Here, we have used all the sound sources from [23] [24] except market noise, railway platform noise and train horn noise shown in Table II . This market, railway platform and train horn noises has been recorded from the respective environment. Football ground, market, car, railway platform, train horn and exhibition hall noisy signal was sampled at 16000 Hz and white, pink, cockpit, wind and factory noise are sampled at 8000 Hz. Due to the parallel nature of the proposed architecture and avoid sequential execution in software platform, we are implemented our design in FPGA. To compare our design with existing works [1] [7] [3],we have implemented [1] [7] [3] in FPGA because no such hardware implementation was found in the respective literature.
The device utilization of our implementation is shown in Table 1 .. In Table 3 , gives the system delay where only magnitude or phase operations are taking into account due to their parallel nature.

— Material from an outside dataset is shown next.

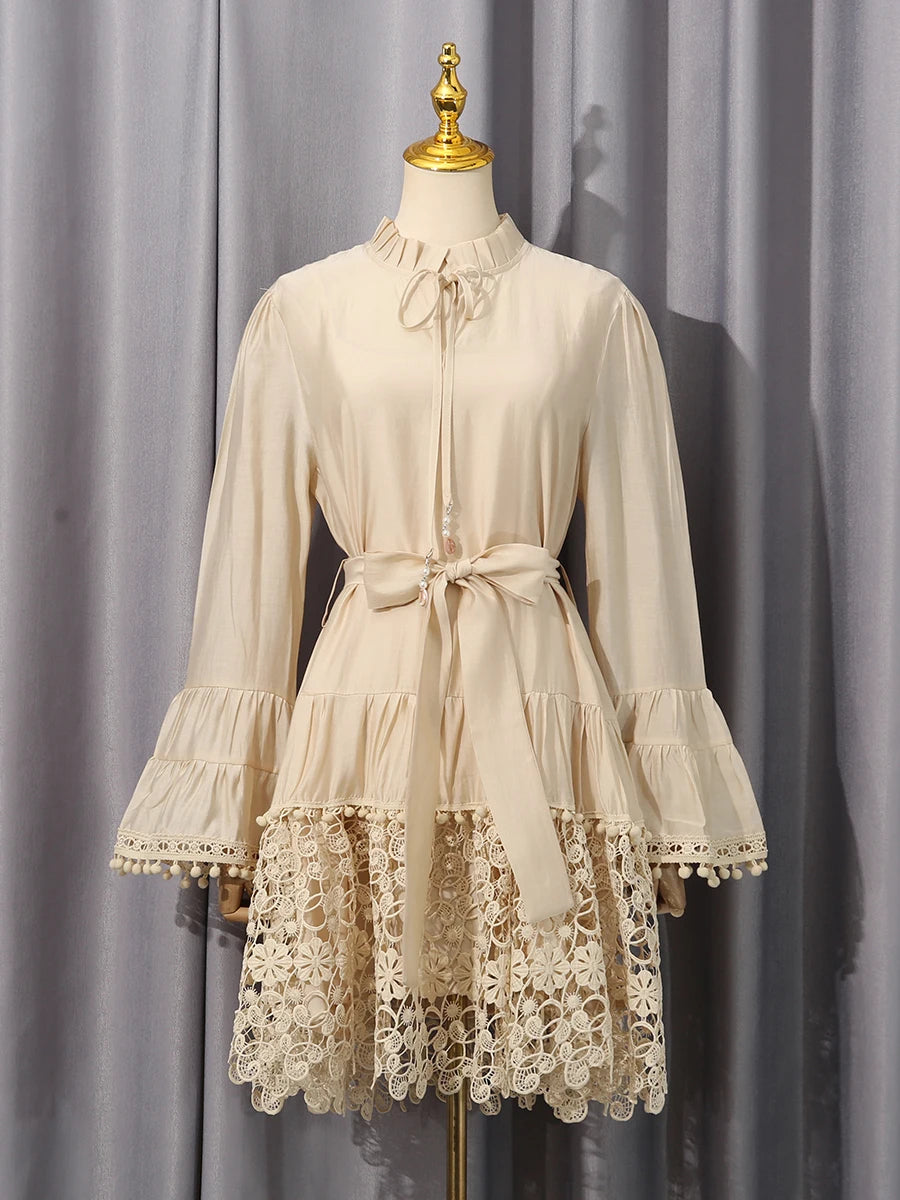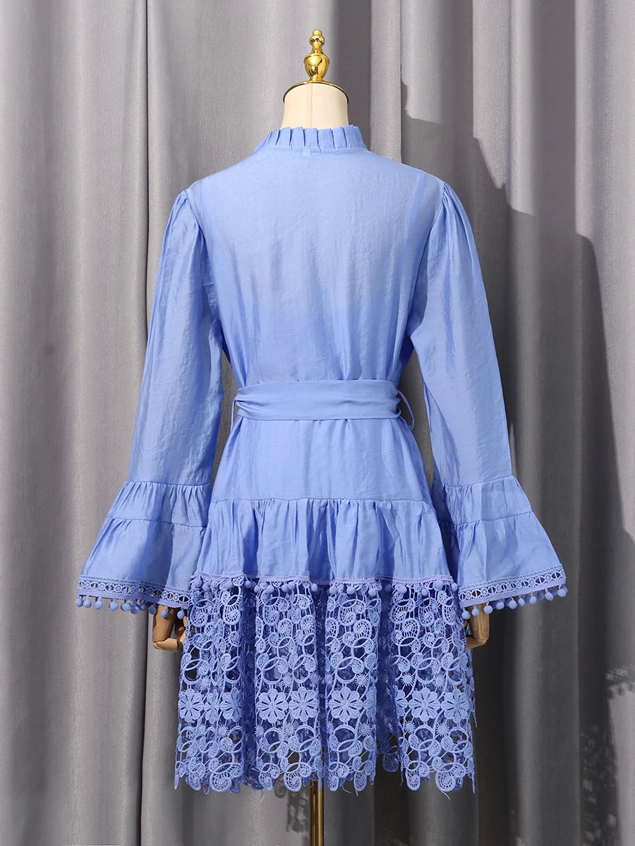 Trend4us Elegant Lace-Trimmed Ruffle Sleeve Mini Dress

Overall system unit delay of this design is 604 and execute in Xilinx Spartan-6 LX45 FPGA. The time requirement for execution of the proposed design on Xilinx Spartan-6 LX45 FPGA board is 6.04microseconds where the board clock frequency is 100M Hz. In Table 2 , we compared the signal to noise ratio for all four methods from low Fig. 7a . We observed that proposed method provides best result in every case in all SNR conditions. The melioration of the train horn noise was not outstripped due to high baseline. Time scope representation of the hardware implementation of MSS, MBMSS, MPSS and MBMPSS are shown in Fig. 7b . So, we can conclude that our proposed design significantly outstrip the other existing methods in terms of SNR mainly. 
Conclusion
In this paper, we have proposed a novel hardware design for speech enhancement based on the spectral subtraction algorithm. The subtraction procedure is performed on both magnitude and phase spectrum of the different frequency bands. In this way we are able to eliminate noise from high SNR signals as well as low SNR signals for the different frequency bands. FPGA based hardware implementation of the proposed architecture gives better performance in-terms of SNR and throughput over the existing architectures of MSS, MPSS, MBMSS.